■ **Task to carry out**
The answer should contain only the lines from the beginning of the entries through the line that holds "기본형, 공학용, 그래프, 금융형, 프로그램용", given again exactly, with no pictures.

■ **Extracted entries**
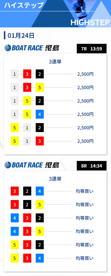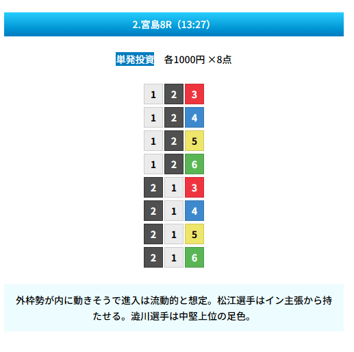 | レース : 児島7R➡児島8R |
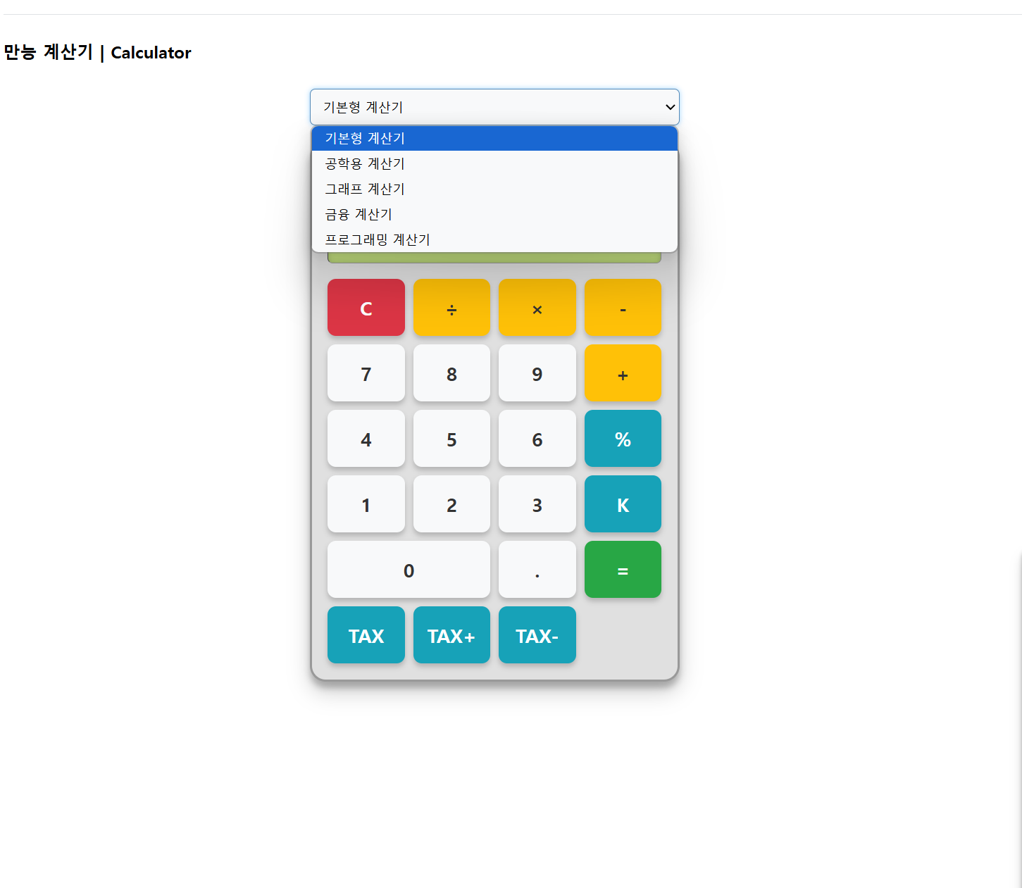 기본형, 공학용, 그래프, 금융형, 프로그램용 계산기를 한꺼번에 다 구현했어요..
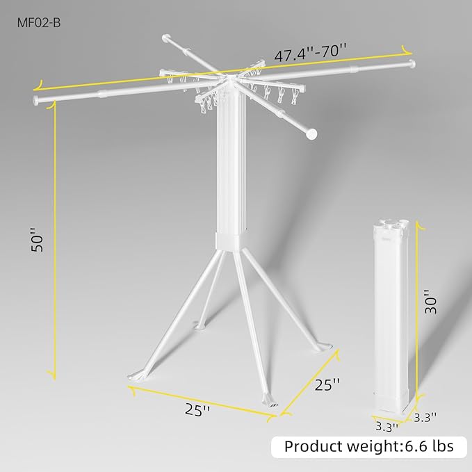 - 【Efficient Space-Saving Design】Our portable laundry drying rack is perfect for small apartments without a dryer. This collapsible drying rack folds neatly into a slim 3.38" x 3.38" x 30" tube, easily stored in a corner, closet, or under the bed. The design keeps your clothing drying rack dust-free during storage, so it’s ready to use immediately after unfolding
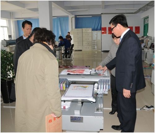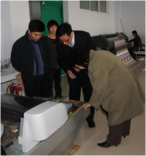 河南省發改委高技術產業處黨迎建副處長(左一)聽取了鴻盛數碼董事長秦國勝(右一)關于鴻盛墨水應用情況的講解。
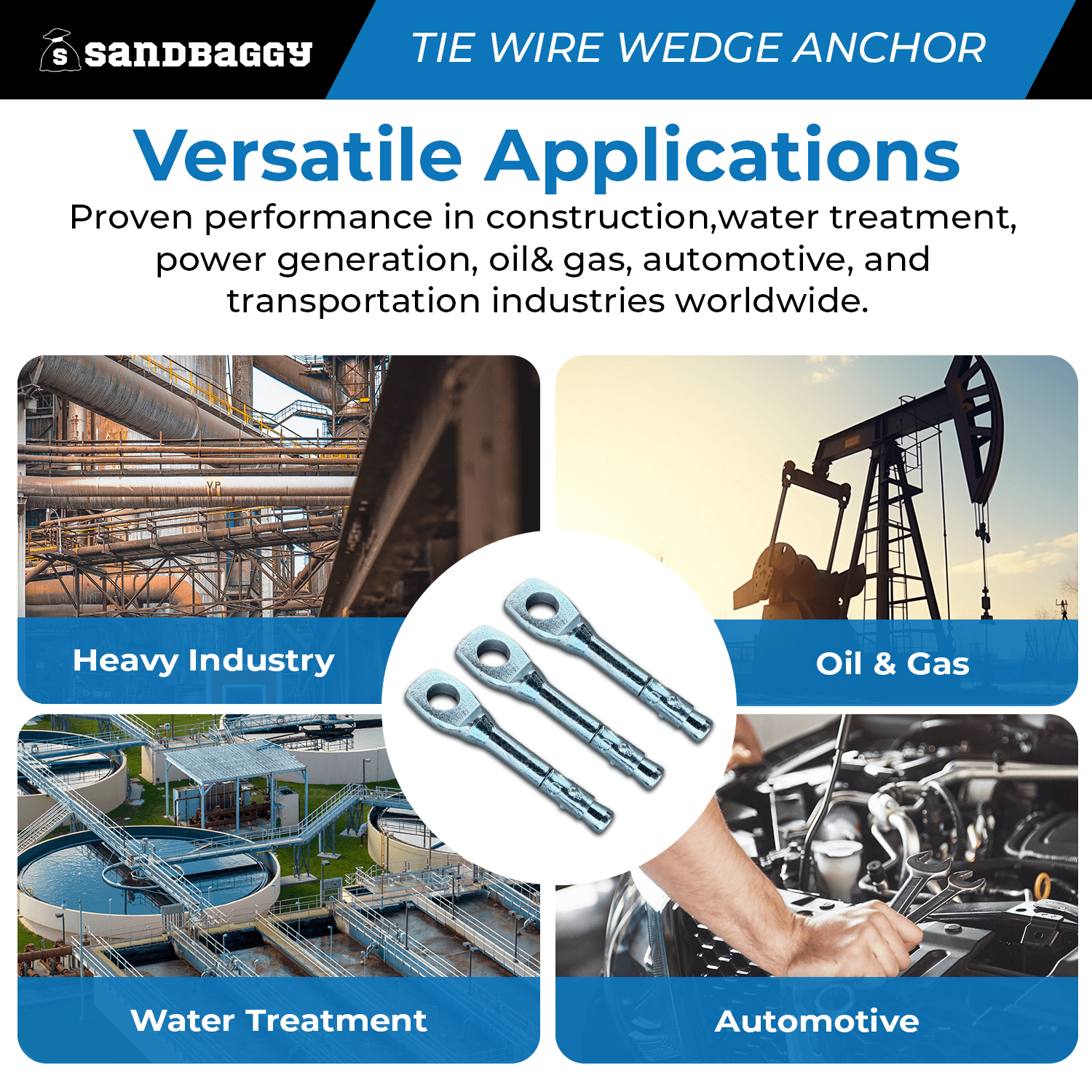 The Sandbaggy Tie-Wire Wedge Anchor (also known as eye bolt wedge anchors) is engineered for the modern professional who values speed, safety, and certainty. The integrated eyelet and superior expansion clip design let you work faster and more confidently on every job. Each anchor is zinc plated (galvanized) for protection against rust.
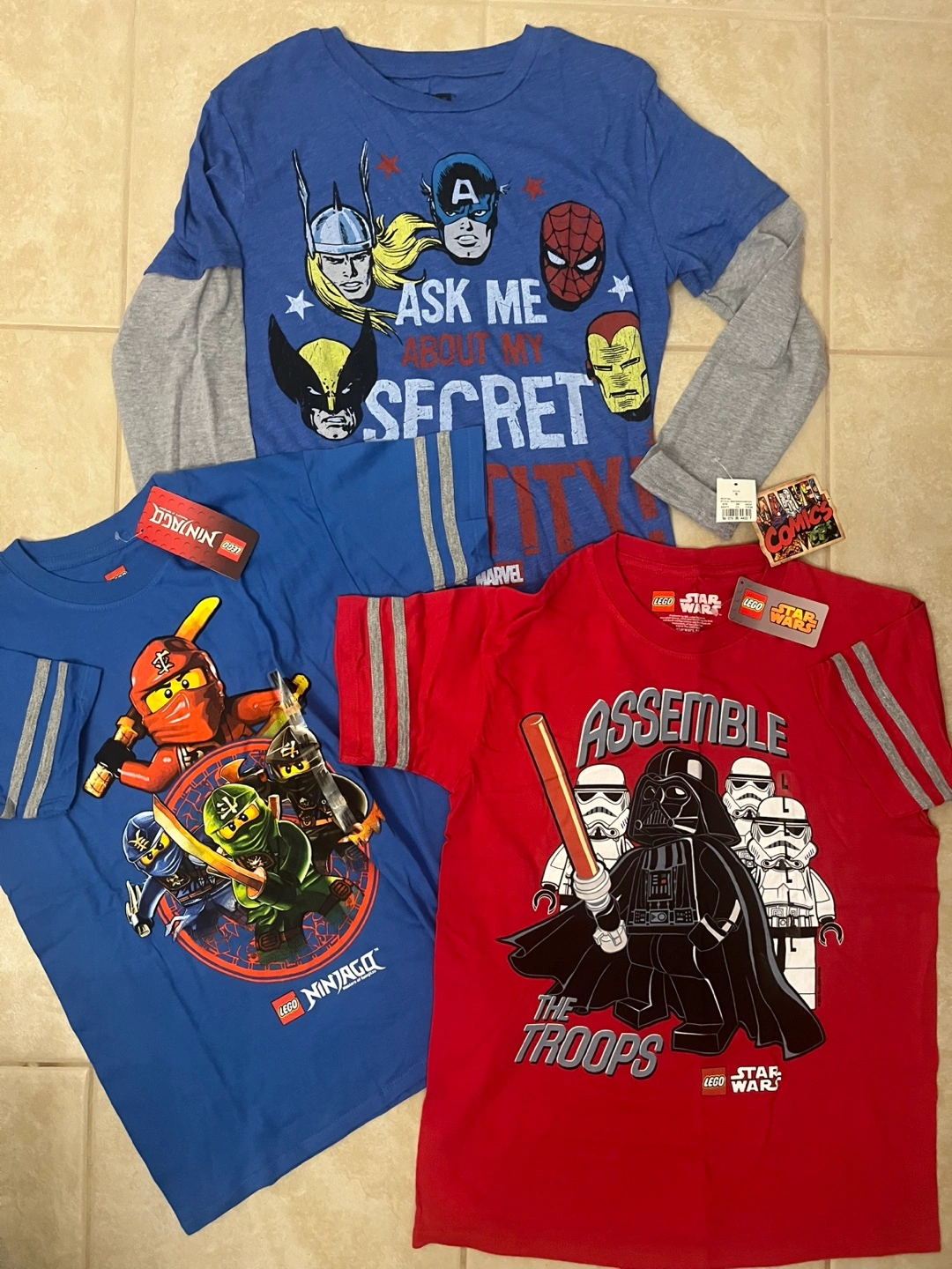 Selling a bundle of brand new Marvel & Lego t-shirts! There is one Marvel Comics tee Kids size Small, Lego Ninjago Kids size Medium & a Lego Star Wars Kids size Large. Perfect for any superhero or Lego fan! $10 each or Best Offer for all 3.
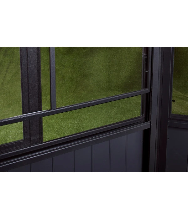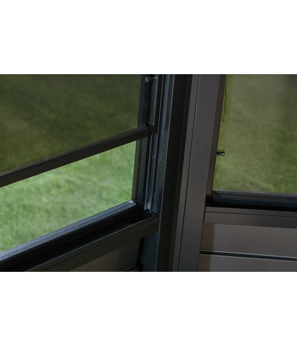 In jedem Wandelement des Sojag Pavillon Charleston ist nicht nur ein reißfestes PVC-Folienfenster enthalten, sondern zu jedem Fenster gibt es auch ein hochwertiges Moskitonetz. So ist für beste Durchlüftung gesorgt, während lästige Fliegen, Mücken oder Wespen Sie nicht in Ihrem Vergnügen stören werden. Das Folienfenster können Sie zur Durchlüftung einfach nach unten schieben und wenn Sie es reinigen möchten, können Sie es mit zwei Handgriffen herausnehmen.
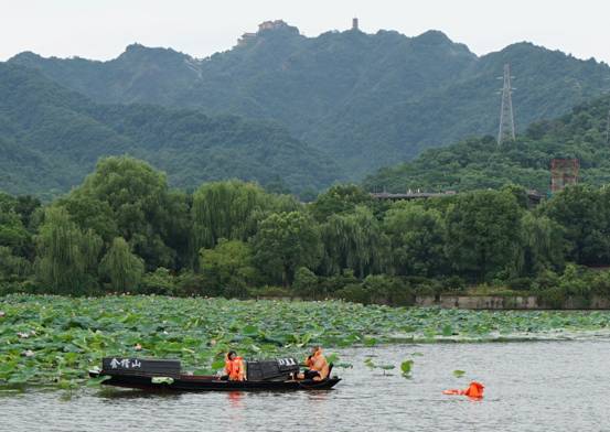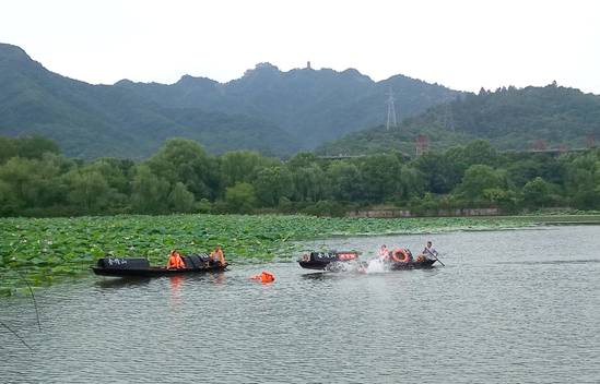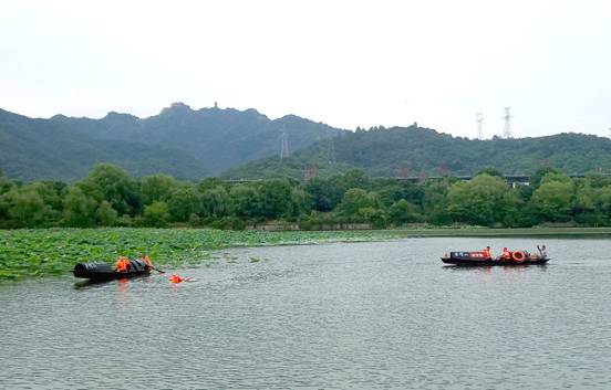 随后,水上救生演练展开。一条载有一对情侣的乌篷船向荷花池划去。

■ **Exercise answer**
 | レース : 児島7R➡児島8R |
 기본형, 공학용, 그래프, 금융형, 프로그램용 계산기를 한꺼번에 다 구현했어요..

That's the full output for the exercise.